__Task brief__
Setting aside any pictures, reproduce the data exactly.

__Provided material__
□ □ □ □ □

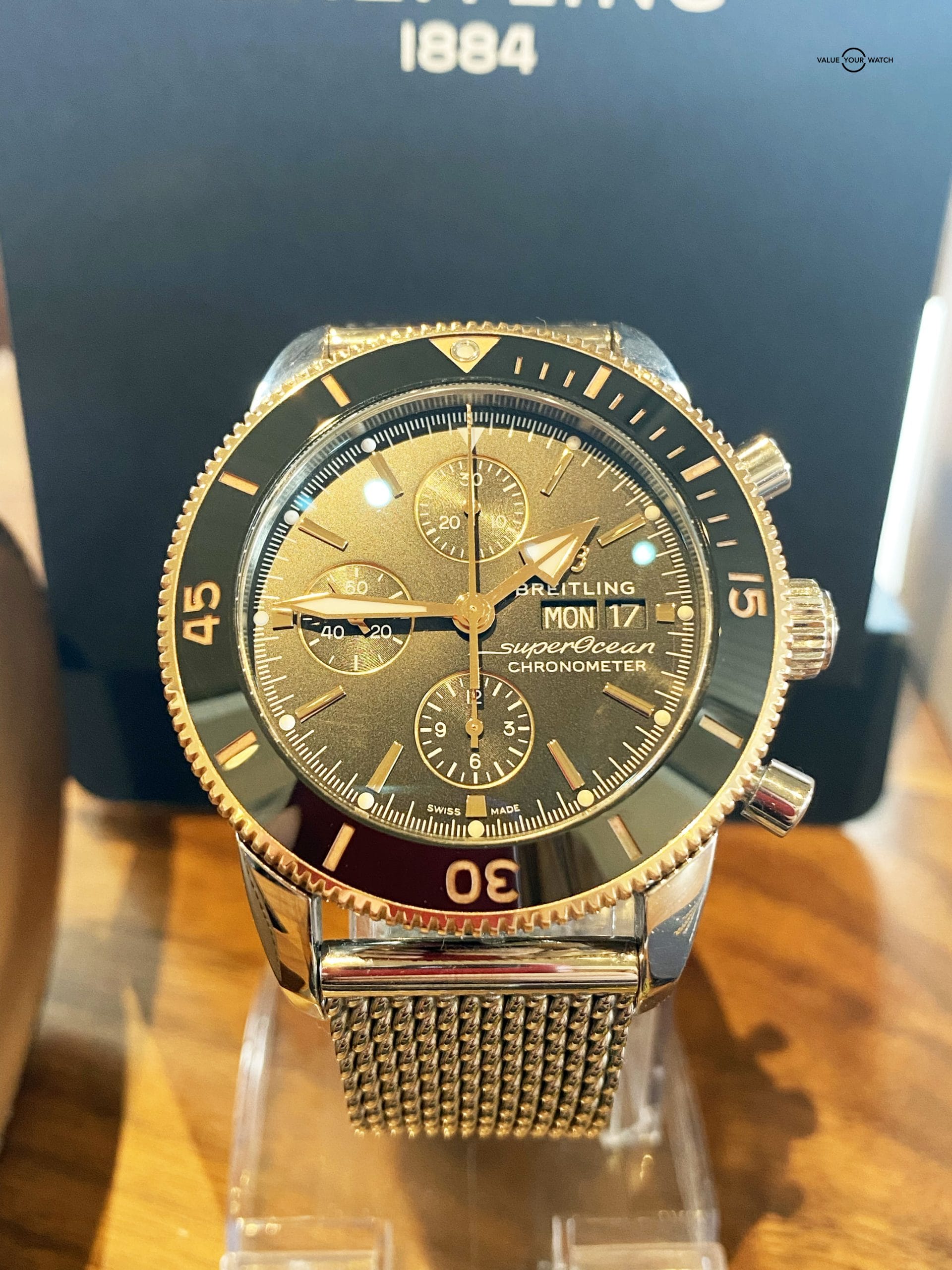 Gorgeous Breathing Super Ocean Heritage Chronograph Stainless Steel & Red Gold on OEM SS Mesh bracelet. Full Set. Under Manufacturers Warranty until 07/2023
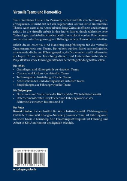 Trotz räumlicher Distanz die Zusammenarbeit mithilfe von Technologie zu ermöglichen, ist nicht erst seit der sogenannten Corona-Krise ein zentrales Thema. Auch wenn diese Art zu arbeiten lange Zeit als ineffizient und schwierig galt, so ist die virtuelle Arbeit in den letzten Jahren durch zahlreiche neue Technologien und Arbeitsmethoden deutlich vereinfacht worden. Unternehmen waren 2020 fast schon gezwungen vollständig aus dem Homeoffice zu arbeiten. Inhalt dieses essential sind Handlungsempfehlungen für die virtuelle Zusammenarbeit von Teams. Betrachtet werden dabei technologische, arbeitsmethodische und Führungsaspekte, die Dozierenden und Studierenden als Input für weitere Forschung dienen und Unternehmensberatern, Projektleitern sowie Führungskräften bei der Strategiefindung helfen sollen.
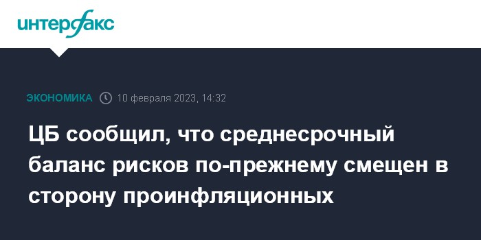 Москва. 10 февраля. INTERFAX.RU - Инфляционные риски на среднесрочном горизонте по-прежнему смещены в сторону проинфляционных, на краткосрочном горизонте проинфляционные риски вновь выросли и также преобладают над дезинфляционными, заявил Банк России после заседания по ставке.
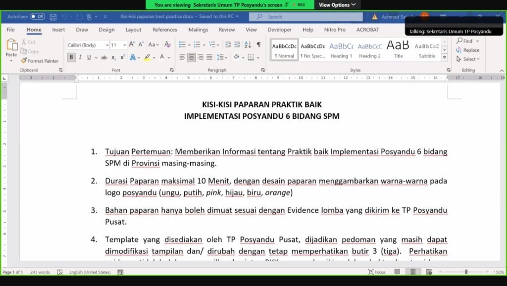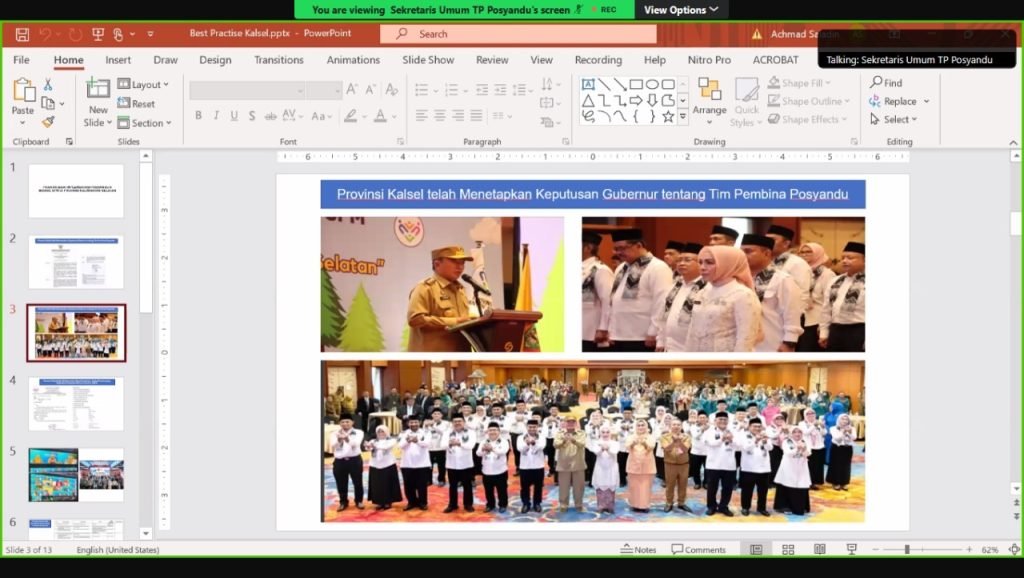 Tim Pembina Pos Pelayanan Terpadu (TP Posyandu) Provinsi Kalimantan Selatan (Kalsel) menghadiri Rapat Persiapan dalam rangka pelaksanaan Rapat Koordinasi Nasional (Rakornas) Posyandu Tahun 2025. Rapat persiapan ini diselenggarakan oleh TP Posyandu Pusat melalui media daring Zoom Meeting, Banjarbaru, Jum’at (22/08/2025).

□ □ □ □ □

__Exercise response__
 Gorgeous Breathing Super Ocean Heritage Chronograph Stainless Steel & Red Gold on OEM SS Mesh bracelet. Full Set. Under Manufacturers Warranty until 07/2023
 Trotz räumlicher Distanz die Zusammenarbeit mithilfe von Technologie zu ermöglichen, ist nicht erst seit der sogenannten Corona-Krise ein zentrales Thema. Auch wenn diese Art zu arbeiten lange Zeit als ineffizient und schwierig galt, so ist die virtuelle Arbeit in den letzten Jahren durch zahlreiche neue Technologien und Arbeitsmethoden deutlich vereinfacht worden. Unternehmen waren 2020 fast schon gezwungen vollständig aus dem Homeoffice zu arbeiten. Inhalt dieses essential sind Handlungsempfehlungen für die virtuelle Zusammenarbeit von Teams. Betrachtet werden dabei technologische, arbeitsmethodische und Führungsaspekte, die Dozierenden und Studierenden als Input für weitere Forschung dienen und Unternehmensberatern, Projektleitern sowie Führungskräften bei der Strategiefindung helfen sollen.
 Москва. 10 февраля. INTERFAX.RU - Инфляционные риски на среднесрочном горизонте по-прежнему смещены в сторону проинфляционных, на краткосрочном горизонте проинфляционные риски вновь выросли и также преобладают над дезинфляционными, заявил Банк России после заседания по ставке.
 Tim Pembina Pos Pelayanan Terpadu (TP Posyandu) Provinsi Kalimantan Selatan (Kalsel) menghadiri Rapat Persiapan dalam rangka pelaksanaan Rapat Koordinasi Nasional (Rakornas) Posyandu Tahun 2025. Rapat persiapan ini diselenggarakan oleh TP Posyandu Pusat melalui media daring Zoom Meeting, Banjarbaru, Jum’at (22/08/2025).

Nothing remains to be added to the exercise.